Raffinement, délicatesse et amour au programme du nouvel album des new-yorkais. Critique.
Bien avant Facebook, peu s’en souviennent, mais il y a eu Fakebook. Ce n’était pas un réseau social mais le nom d’un bien bel album de Yo La Tengo paru en 1990, qui réunissait des reprises – de morceaux d’autres artistes mais aussi de morceaux du groupe.
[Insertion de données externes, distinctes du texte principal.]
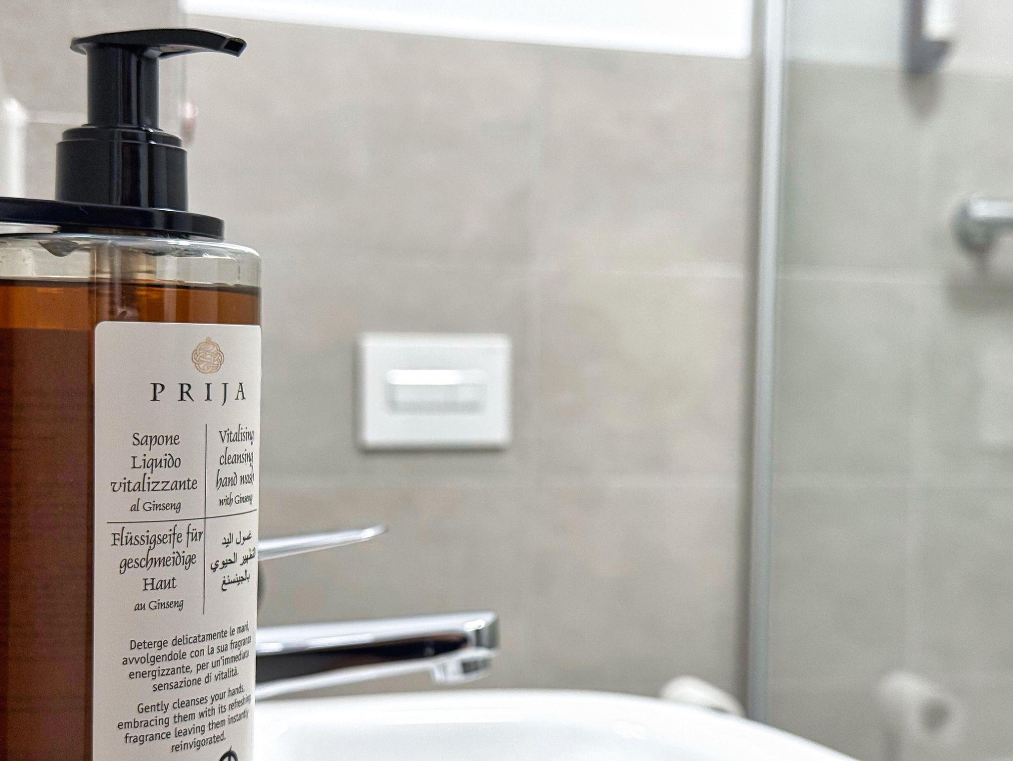 Das neue Badezimmer verfügt über eine komfortable Dusche. Ein Kinderhochstuhl und ein Babyreisebett stehen auf Wunsch bereit.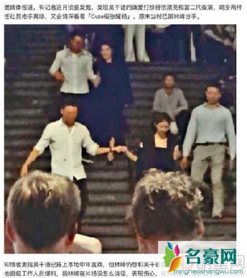 其实林峰自从与吴千语谈恋爱以来,一直都很宠爱这个小女朋友,但是有传闻称林峰的父亲并不喜欢儿子的女朋友,认为其太过拜金,在林峰与其恋爱期间两人曾游遍东京、冲绳、大坂、米兰等地方,林峰还送其名牌手提包,出动七人车以及司机管接管送,但无论林峰再怎么有钱,也经不住吴千语这种拜金的方式,时间长了两人之间肯定会出现隔阂,果不其然最近他们俩被传分手后女方就迅速搭上了中年富豪,倒是可怜了林峰长久以来的用情至深。

Un quart de siècle plus tard, les Américains ressuscitent la formule et publient Stuff Like That There, un album qui répond à ce même principe de relecture. Devenu quatuor en réintégrant Dave Schramm à la guitare, Yo La Tengo aligne ainsi quatorze titres pris d’un peu partout et pourtant parfaitement homogènes dans leur nouvel habillage sonore – nulle guitare distordue ici, essentiellement de jolies ballades aux arrangements délicats.
Piochant chez Hank Williams, The Parliaments, Darlene McCrea, The Lovin’ Spoonful, Great Plains ou The Cure, les héros discrets du New Jersey opèrent ainsi un beau travail de funambule, assaisonnant ces titres à leur sauce tout en leur rendant hommage, en ne leur volant jamais la vedette. Ainsi, si Friday I’m in Love ou I’m So Lonesome I Could Cry sonnent ici comme s’ils avaient toujours appartenu à Yo La Tengo, ces nouvelles versions rappellent aussi combien les chansons originales étaient fortiches, belles, émouvantes…
Dans son propre catalogue, le groupe déracine All Your Secrets (de l’album Popular Songs), The Ballad of Red Buckets (de Electr-o-pura)… A chaque fois, il opte pour une enveloppe musicale douce et sentimentale, d’où s’échappe cette fragilité indé – instrumentation en retrait, voix sur le fil – qui a souvent nourri nos chapitres préférés de l’histoire de la musique (de Lambchop à Belle And Sebastian, de Low aux Feelies…).
Dans deux ans, Yo La Tengo aura l’âge du Christ. Ce Stuff Like That There, qui nous accompagnera jusqu’au passage parisien des Américains cet automne, alimente encore un peu plus notre foi : on croit toujours aussi fort à Yo La Tengo.